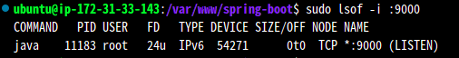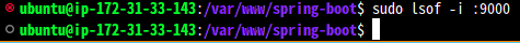 sudo lsof -i :{포트번호} ex) sudo lsof -i :9000
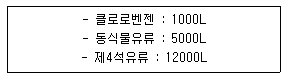 다음과 같이 위험물을 저장할 경우 각각의 지정수량 배수의 총합은 얼마인가?
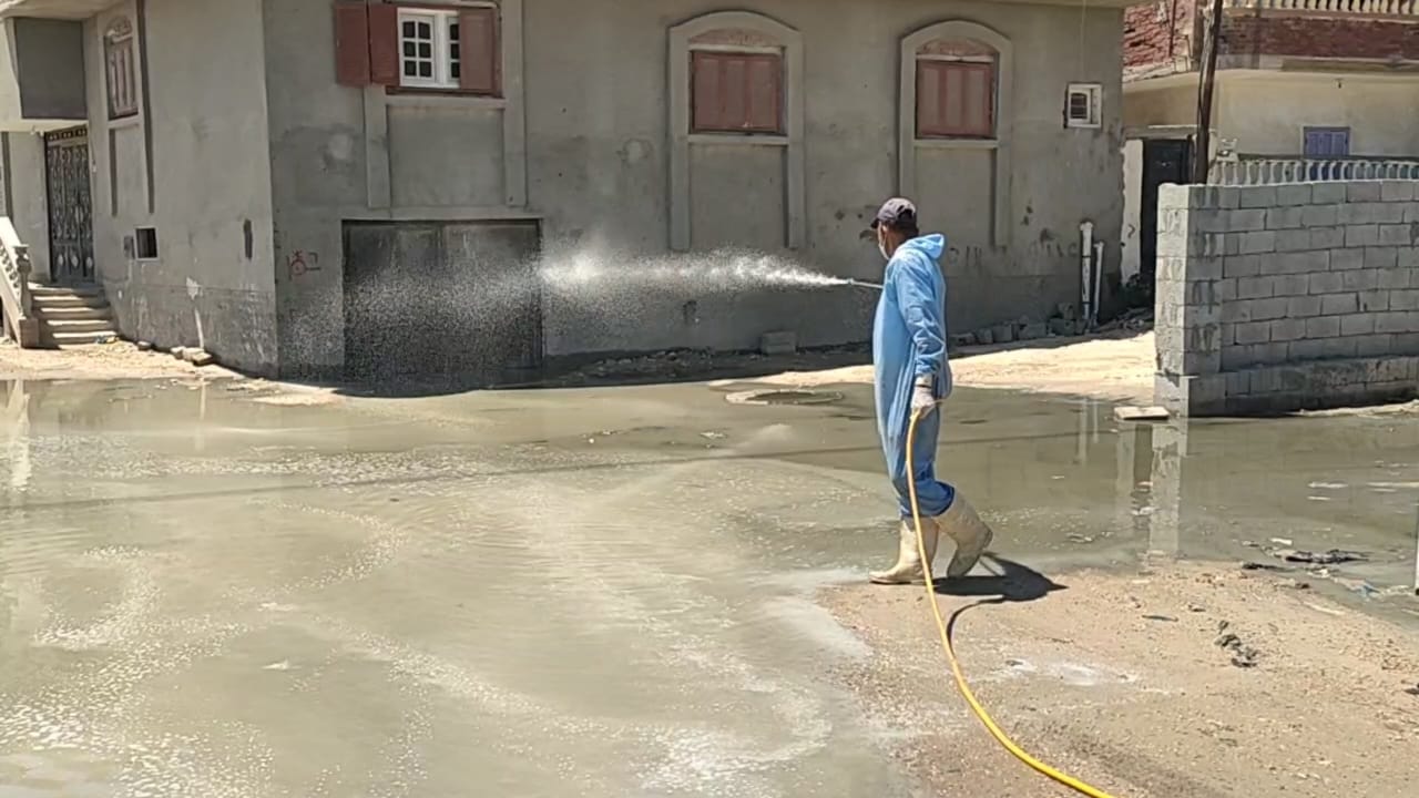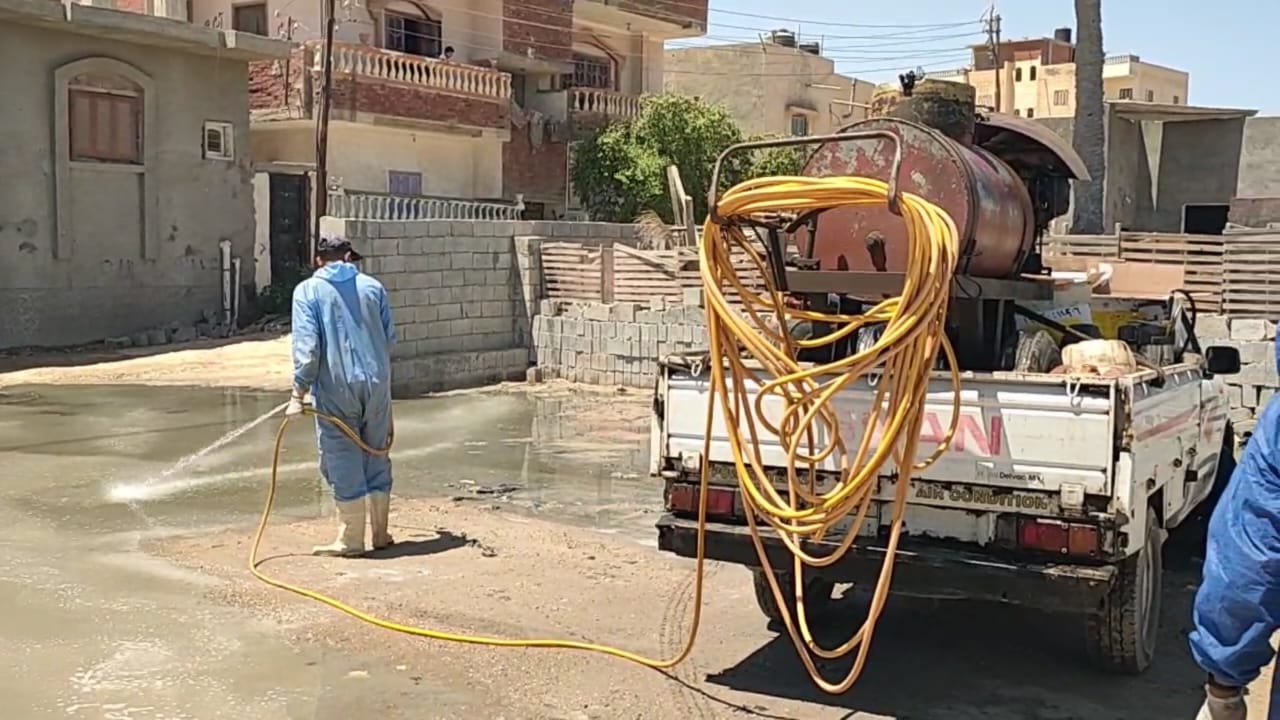 الطب الوقائي: تطهير ورش المناطق المتضررة من تعطل محطة الصرف الصحي بالعريش
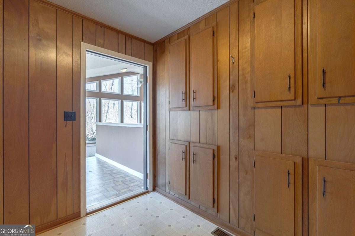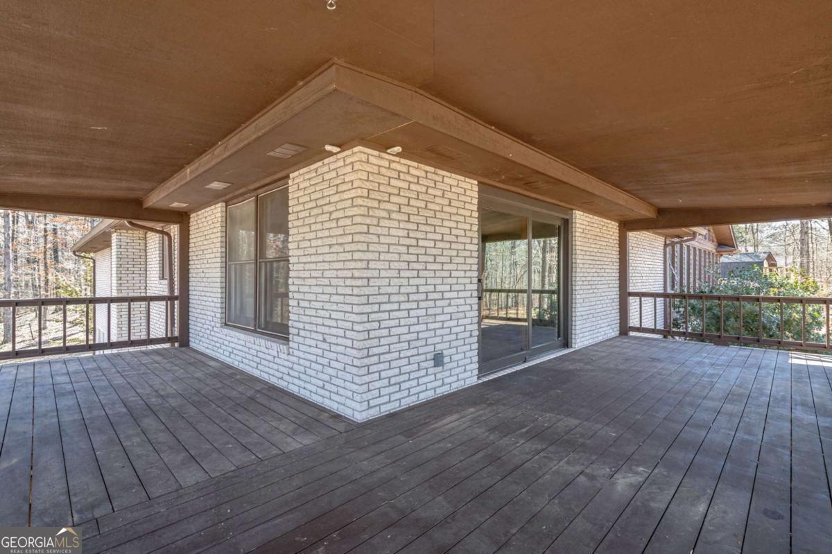 Nestled on over 10 private acres in desirable Watkinsville, this unique property overlooks the beautiful Brittain Estates lake and is surrounded by mature woods for exceptional privacy. The main level features 3 bedrooms and 2.5 bathrooms, highlighted by a massive living room with vaulted ceilings and floor-to-ceiling windows that fill the home with natural light and showcase peaceful lake and wooded views. A blend of 1970s architectural charm and updated finishes creates both character and comfort throughout. The terrace-level includes a fully equipped 1 bedroom, 1 bathroom apartment with kitchen, laundry, and private exterior entrance-ideal for guests, multigenerational living, or rental potential. Enjoy outdoor living from multiple decks and porches, along with ample space inside and out. Additional features include a two-car garage, storage buildings, new roof, smart HVAC system, 30K generator with buried 500 gallon propane tank to power it, and new water filtration system. Also qualifies for conservation use, reducing property taxes! A rare opportunity for privacy, space, and lakefront living in Oconee County.
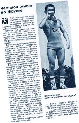 В 1974 году я стал мастером спорта. На следующий год я стал чемпионом Советского Союза среди молодежи и в этом же году закончил университет. Моя дипломная работа (она была написана на русском языке) называлась «Зарождение и развитие тяжелой атлетики в Киргизском государственном университете». Мой научный руководитель высоко оценил работу. Я привел данные о зарождении тяжелой атлетики в Советском Союзе. Оказывается, до меня никто из студентов не использовал в таком объеме архивные материалы, касающиеся всей страны, а не только университета.
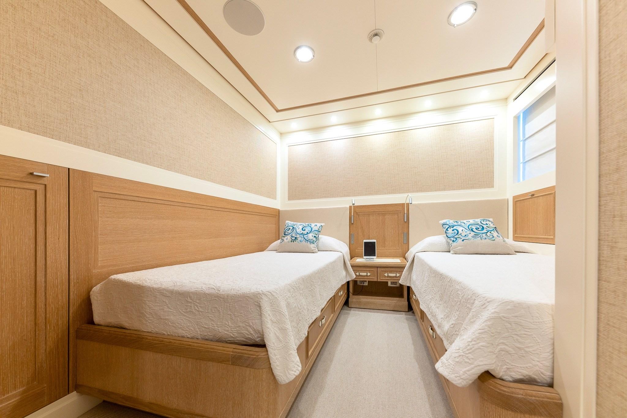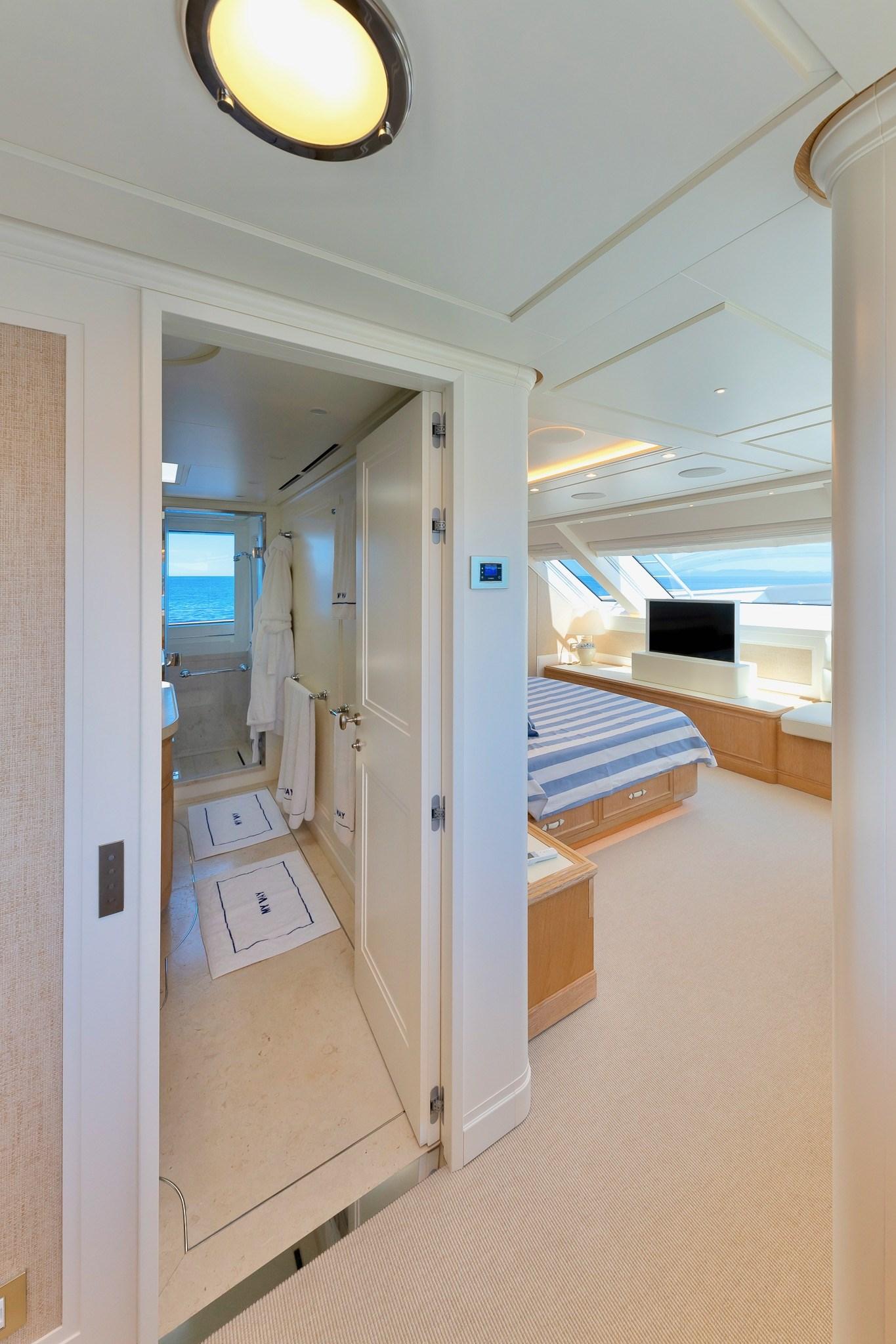 La cubierta principal cuenta con un salón espacioso y lleno de luz con asientos lujosos, que conducen sin problemas al comedor formal, con capacidad para ocho personas. El camarote principal, situado en la proa, ofrece un refugio sereno con vistas panorámicas y un lujoso baño de mármol. La cubierta inferior alberga dos camarotes VIP con camas dobles y dos camarotes de invitados, uno con cama pullman, todos con opulentos baños de mármol.
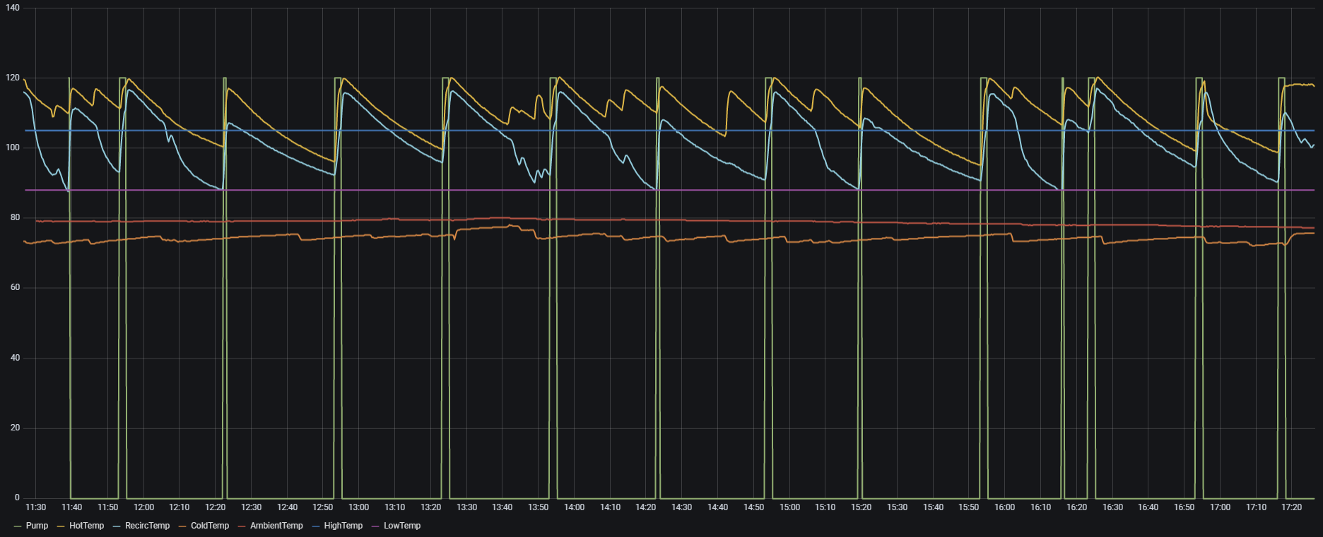 Below is a graph showing the temperatures and pump activity over a 6 hour period. It would be interesting to compare the summer pattern with a winter pattern, where I expect the thermostat to trigger more than the timer.

........

▶ **What is expected**
Leaving out each picture, repeat exactly the lines above from the one that contains "다음과 같이 위험물을 저장할 경우 각각의 지정수량 배수의 총합은 얼마인가?" through the one that contains "Nestled on over".

▶ **Answer to this exercise**
 다음과 같이 위험물을 저장할 경우 각각의 지정수량 배수의 총합은 얼마인가?
 الطب الوقائي: تطهير ورش المناطق المتضررة من تعطل محطة الصرف الصحي بالعريش
 Nestled on over 10 private acres in desirable Watkinsville, this unique property overlooks the beautiful Brittain Estates lake and is surrounded by mature woods for exceptional privacy. The main level features 3 bedrooms and 2.5 bathrooms, highlighted by a massive living room with vaulted ceilings and floor-to-ceiling windows that fill the home with natural light and showcase peaceful lake and wooded views. A blend of 1970s architectural charm and updated finishes creates both character and comfort throughout. The terrace-level includes a fully equipped 1 bedroom, 1 bathroom apartment with kitchen, laundry, and private exterior entrance-ideal for guests, multigenerational living, or rental potential. Enjoy outdoor living from multiple decks and porches, along with ample space inside and out. Additional features include a two-car garage, storage buildings, new roof, smart HVAC system, 30K generator with buried 500 gallon propane tank to power it, and new water filtration system. Also qualifies for conservation use, reducing property taxes! A rare opportunity for privacy, space, and lakefront living in Oconee County.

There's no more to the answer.